Only three charter schools remain in Iowa - KWWL - Eastern Iowa Breaking News, Weather, Closings

Only three charter schools remain in Iowa

Prescott Elementary School in Dubuque is one of Iowa's three remaining charter schools Prescott Elementary School in Dubuque is one of Iowa's three remaining charter schools

A decade ago, charter schools were seen as a way to improve education in America, but the number of charter schools in Iowa has now dropped to just three.

That's down from the state's high of eight about six years ago.

Charter schools are public schools that any students in the district can attend. Educators there have the flexibility to teach Iowa's required core curriculum in creative ways.

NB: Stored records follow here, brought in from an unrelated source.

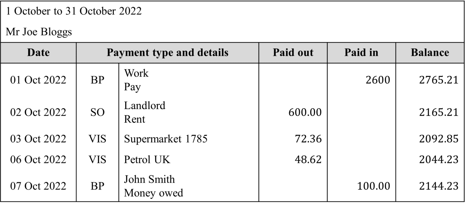 A current account is ordinarily used on a daily basis to pay for bills and make purchases, the ingoing and outgoing money then appears on a monthly statements, showing the method of transaction, the amount of money and where the money is going/from. The statements for current accounts often look similar to the image shown below.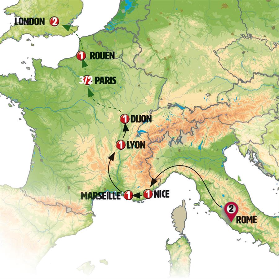 Note: On some dates, accommodation may be arranged near Nice on the French Riviera.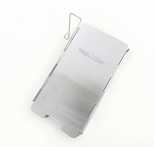 simPLEISUREのウインドシールドは、アウトドアでの風防に最適。折りたたみ式で軽量なアルミ製。コンパクト設計で高さ135mm、BBQやランタンにも対応。収納ポーチ付き。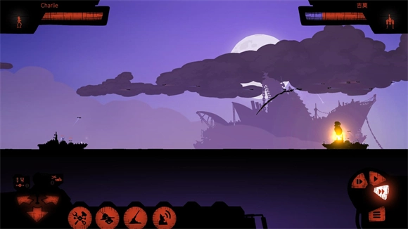 5、滑动屏幕可以移动视角,能观察对方舰船的动向。屏幕上方左侧的时玩家的血量,右侧的是敌人血量,当敌人血量为零时就可以通关。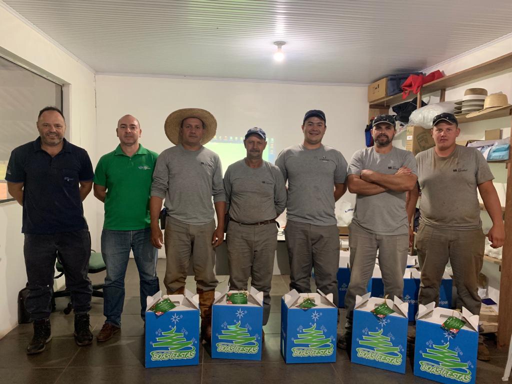 Há mais de 20 anos o Grupo Strobel presenteia os seus colaboradores com cestas de natal e presentes às crianças (filhos dos colaboradores) como forma de reconhecer e agradecer os esforços e a dedicação de cada um. Neste ano, a ação teve um sentimento especial. Em cada uma das propriedades sendo elas, Fazenda da Taipa (berço da produção da Strobel Sementes), Fazenda Guarita, Fazenda Santa Isabel e no escritório (centro administrativo) foi preparado um momento de homenagem em que os diretores agradeceram aos colaboradores pelas contribuições neste ano e apresentaram o vídeo institucional da Sementeira. A atividade ocorreu durante a última semana.

One explanation for Iowa's low number of charter schools may be because only school districts can run a charter school. In states such as Minnesota that have more charter schools that Iowa does, other groups -- such as arts organizations -- can run charter schools.

Iowa Department of Education spokesperson Jim Flansburg said the Iowa Department of Education asked the Legislature in 2012 to allow entities beyond just school districts to open and operate charter schools.

The Legislature, however, declined to change the law.

This week, two of Iowa's three schools got their charters renewed for another four years.

One of those schools is Prescott Elementary in the Dubuque Community School District. It has been a charter school for eight years and is now Iowa's only remaining charter elementary school.

Second graders at Prescott read, wrote and drew quietly early Friday afternoon as part of their "readers and workshop time."

Instead of slots of time set aside specifically for just reading or just science, Prescott wraps up all the required core curriculum into something called "expeditionary learning."

Prescott's principal Chris McCarron said expeditionary learning is "where all of the curriculum is taught in an integrated style, and we have in-depth, project-based, authentic learning-kind of 'units' or 'learning expeditions.'"

Expeditionary learning also takes students out into the community on frequent field trips, "on purposeful investigations," McCarron said.

The school also brings "community experts into the classroom, because we want our kids to know learning is beyond a teacher giving information," McCarron said. "The world is filled with ways to access information."

Additionally, an infusion of the arts makes Prescott unique as a charter.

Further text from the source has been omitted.